Nov. 5, 2010: FDA Device Oversight Lacking

An emerging investigative report suggests that the U.S. Food and Drug Administration's oversight of medical devices leaves something to be desired.
The report indicates that the agency charged with device oversight and approval is not appropriately handling device approval and the ongoing monitoring of device problems, said HealthDay. "The agency often misses problematic devices," wrote the report's lead author, Shannon Brownlee, an instructor at the Dartmouth Institute for Health Policy and Clinical Practice, quoted HealthDay. The report appears in the November 3rd online edition of the journal, BMJ.

Brownlee and New York medical investigative journalist Jeanne Lenzer wrote specifically about the FDA and its approval and follow-up process for the Cyberonics vagus nerve stimulator—VNS—a device meant to prevent or minimize seizures in epileptics not responsive to medication, explained HealthDay.

According to Brownlee and Lenzer, the FDA is to blame for some 900 deaths they allege are linked to this device. Approved in 1997, the VNS Therapy System was approved for so-called "treatment-resistant partial seizures," said MedPage Today. But, despite the overwhelming number of deaths reported in patients implanted with the device since its approval, the device remains on the market and, according to the investigative team, neither the agency nor the manufacturer have looked into VNS' potential part in the fatalities.

"Although Cyberonics conducted post-approval studies, none of the studies submitted to the FDA included mortality data. The FDA did not specifically require Cyberonics to submit mortality data as part of the follow-up study, merely to 'characterize morbidity and mortality,'" they wrote, quoted MedPage Today.

The VNS sends electrical stimulus to the neck's vagus nerve by implantation under the skin; 60,000 patients throughout the world have been implanted for its use as a vagus stimulator and about 5,000 have been implanted for depression not treatable with medication, an approved use as of 2005, noted MedPage Today, citing Cyberonics.

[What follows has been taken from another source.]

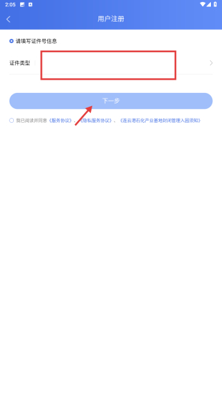 4、在用戶注冊(cè)頁(yè)面,選擇證件類型后點(diǎn)擊下一步,按提示完成賬號(hào)注冊(cè)操作。

Of note, said MedPage Today, Brownlee wrote that the VNS was approved for depression despite the FDA's scientific panel's objection; Cyberonics maintains that the device is also appropriate for an array of other health issues from obesity to stroke and that patents are underway.

According to the authors, said HealthDay, it remains unclear what role the device had in their deaths. While post-marketing studies were conducted by Cyberonics, the agency never mandated a study into the connection between the device and the 900 deaths, said HealthDay, which the authors believe points to larger issues at the agency, added MedPage Today.

Last month, the FDA issued an apology for incorrectly approving the Menaflex knee implant despite its scientists' objections and admitted—following a Congressional investigation and internal agency probe—to succumbing to pressure from New Jersey senators and a congressmen, said HealthDay. The reviews revealed that key officials at the agency, even the FDA commissioner, pressured FDA staff to confer positive approval on the device, said MedPage Today. The FDA is working on quashing that approval, said HealthDay.

Also previously, MedPage Today wrote about issues with a spinal fusion device heavily hyped for disc degeneration, but which was linked to dangerous, sometimes near-deadly, complications in some patients.